Erasmus+ – La vicepresidente della Commissione Europea, la romena Roxana Mînzatu, ha annunciato che nel 2026 il programma Erasmus+ avrà a disposizione un budget di oltre 5 miliardi di euro destinati a progetti di mobilità, formazione e istruzione. Secondo un comunicato della Rappresentanza della Commissione Europea in Romania, i fondi sosterranno lo sviluppo delle competenze, l’inclusione, la transizione digitale e verde, nonché gli studenti e gli insegnanti ucraini.

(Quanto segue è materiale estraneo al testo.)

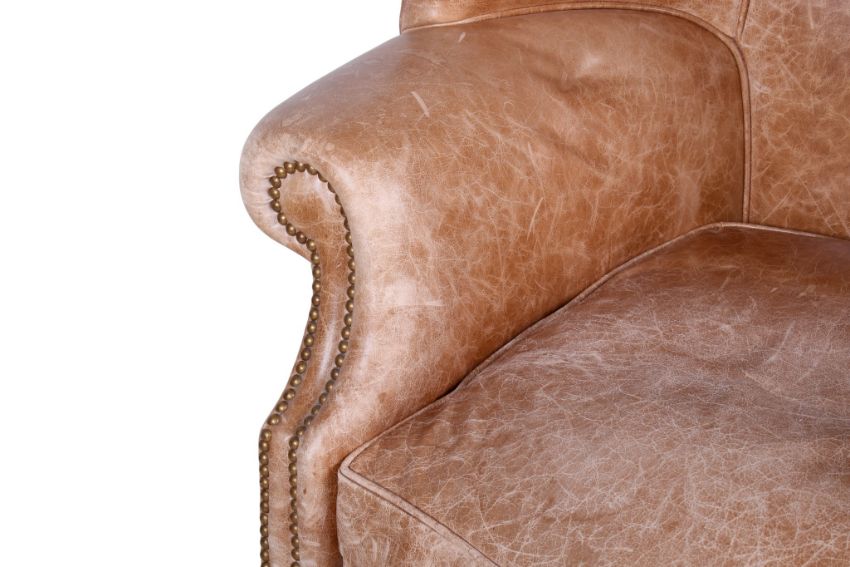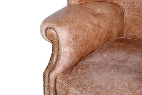 A 20th century wingback armchair. Having scroll arms, upholstered in brown leather with studded details, raised on tapered wooden supports terminating in brass casters, H113cm.

L’annuncio arriva proprio nel giorno in cui Mînzatu ospita a Bruxelles il Summit Europeo sull’Istruzione e le Competenze, un evento al quale partecipano ministri dell’Istruzione e del Lavoro dell’UE. Erasmus+ 2026 offrirà opportunità di mobilità a oltre un milione di partecipanti e coinvolgerà oltre 100.000 organizzazioni.

 

Proteste – I rappresentanti dei sindacati dell’industria della difesa, aeronautica e navale hanno protestato oggi davanti al Ministero dell’Economia, insoddisfatti della mancanza di contratti e ordini nel settore, ma anche del livello degli stipendi. I manifestanti accusano anche il ministro dell’Economia, Radu Miruţă, di rifiutare un dialogo aperto, trasparente e costruttivo con i sindacati del settore. Miruţă ha proposto un incontro con i leader sindacali per lunedì, poiché oggi  ha partecipato alla conclusione dell’esercitazione militare Dacian Fall 2025.

 

Tratta esseri umani – Le autorità romene stanno adottando ulteriori misure per proteggere i minori vittime della tratta di esseri umani. Al Parlamento è stato presentato un ddl firmato da 40 parlamentari di tutti i partiti per la modifica del Codice di Procedura Penale, nel senso di ridurre la durata dei processi e, di conseguenza, di fornire maggior sostegno alle vittime minorenni. Secondo le autorità, la Romania sta affrontando una delle realtà più gravi in ​​Europa. Quasi la metà delle vittime della tratta di esseri umani sono minori, mentre la legislazione in materia deve riflettere la reale urgenza di risolvere questi casi, con una durata di oltre 1.000 giorni in primo grado.